尊氏の動きに対して、後醍醐天皇は楠木正成に摂津(せっつ)の湊川(みなとがわ、現在の兵庫県神戸市湊川)で尊氏軍を迎(むか)え討(う)つよう命じられましたが、正成は尊氏に敗れて自害しました。この戦いは湊川の戦い(みなとがわのたたかい)と呼ばれています。
尊氏が再び京都を制すると、後醍醐天皇は比叡山(ひえいざん)に逃(のが)れられ、光厳上皇の弟にあたる光明天皇(こうみょうてんのう)が新たに即位されたことで、再びお二人の天皇が同時にご在位されることになりました。後醍醐天皇は京都に幽閉(ゆうへい、閉じ込めて外に出さないこと)された後、尊氏との和睦(わぼく)に応じて天皇であることを証明する三種の神器(さんしゅのじんぎ)を光明天皇に渡されましたが、その後に隙(すき)を見て京都を脱出され、奈良の吉野(よしの)へ向かわれました。

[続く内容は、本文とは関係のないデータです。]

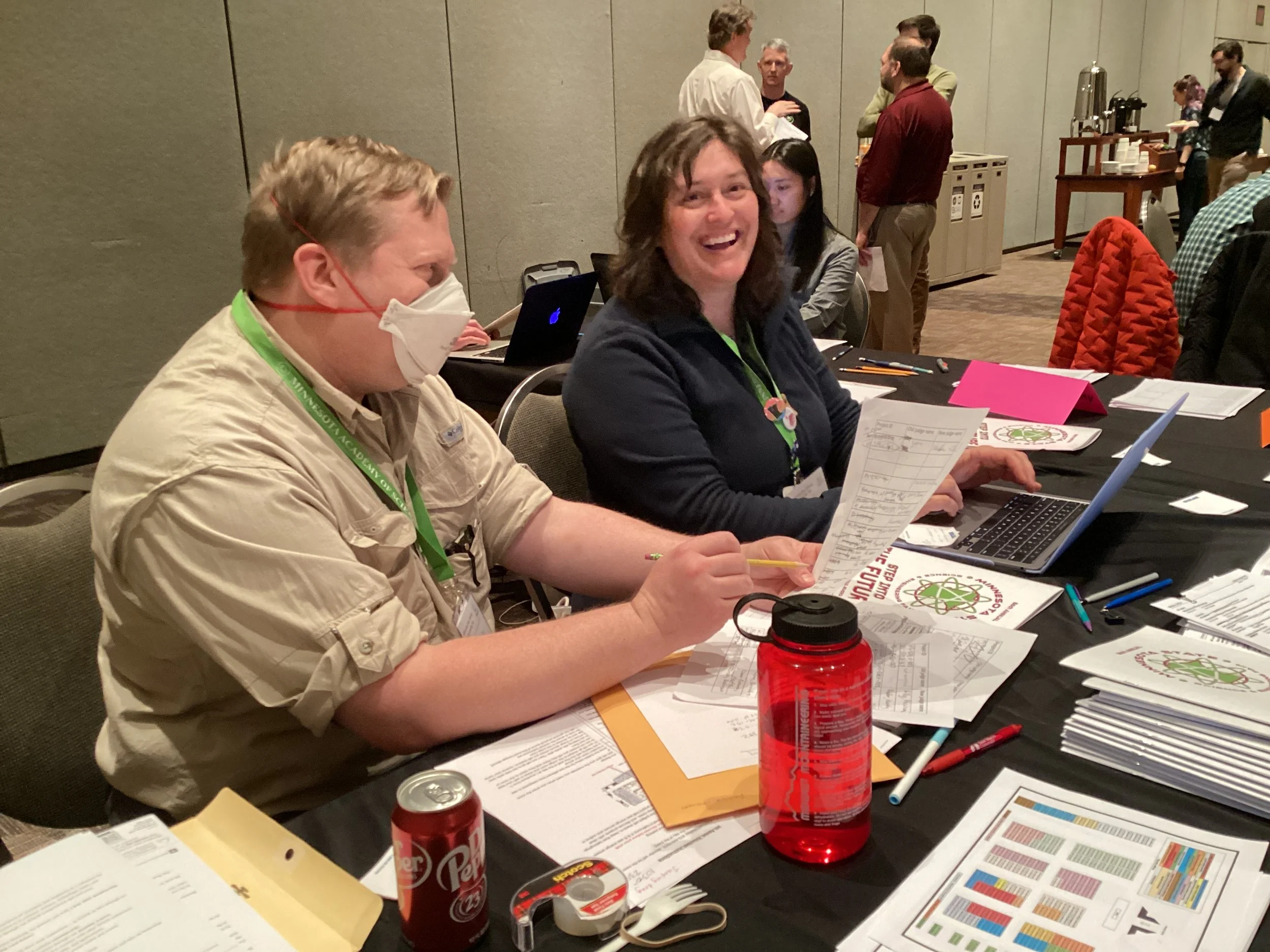 Jennifer greets volunteers at the 2023 Minnesota State Science Fair with her husband, Dustin (who is frequently found lending a hand at MAS events).
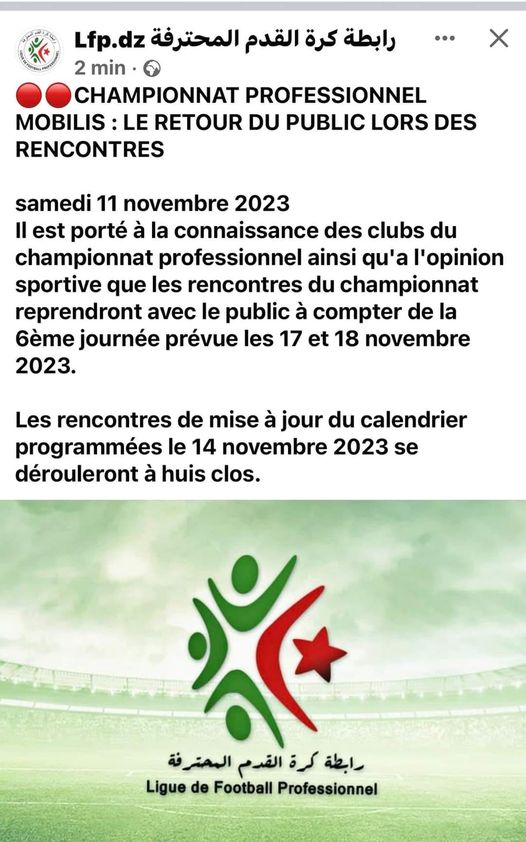 وقالت الرابطة المحترفة أن الجماهير ستعود إلى مدرجات الملاعب بداية من الجولة المقبلة التي ستجري في مختلف الملاعب الجزائرية و بالضبط يومي 17 و 18 نوفمبر.
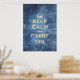 Vintage bleu, restez calme et continuez. Vieilli, sablé, sale, ce design original et vintage est fait pour vous ! Un design vintage pour une maison unique Pour changer de taille a votre goût. Ce dessin fait référence à la célèbre affiche apparue pendant la Seconde Guerre mondiale.

吉野に到着(とうちゃく)された後醍醐天皇は、光明天皇に渡された三種の神器は偽物(にせもの)であると宣言(せんげん)されて、新たに朝廷を開かれた後、1339年に崩御されました。こうして京都の朝廷(=持明院統)と吉野の朝廷(=大覚寺統)とが並立し、以後約60年にわたって争いを繰(く)り返す南北朝の動乱が本格的に始まったのです。





いつも応援いただきまして、本当に有難うございます。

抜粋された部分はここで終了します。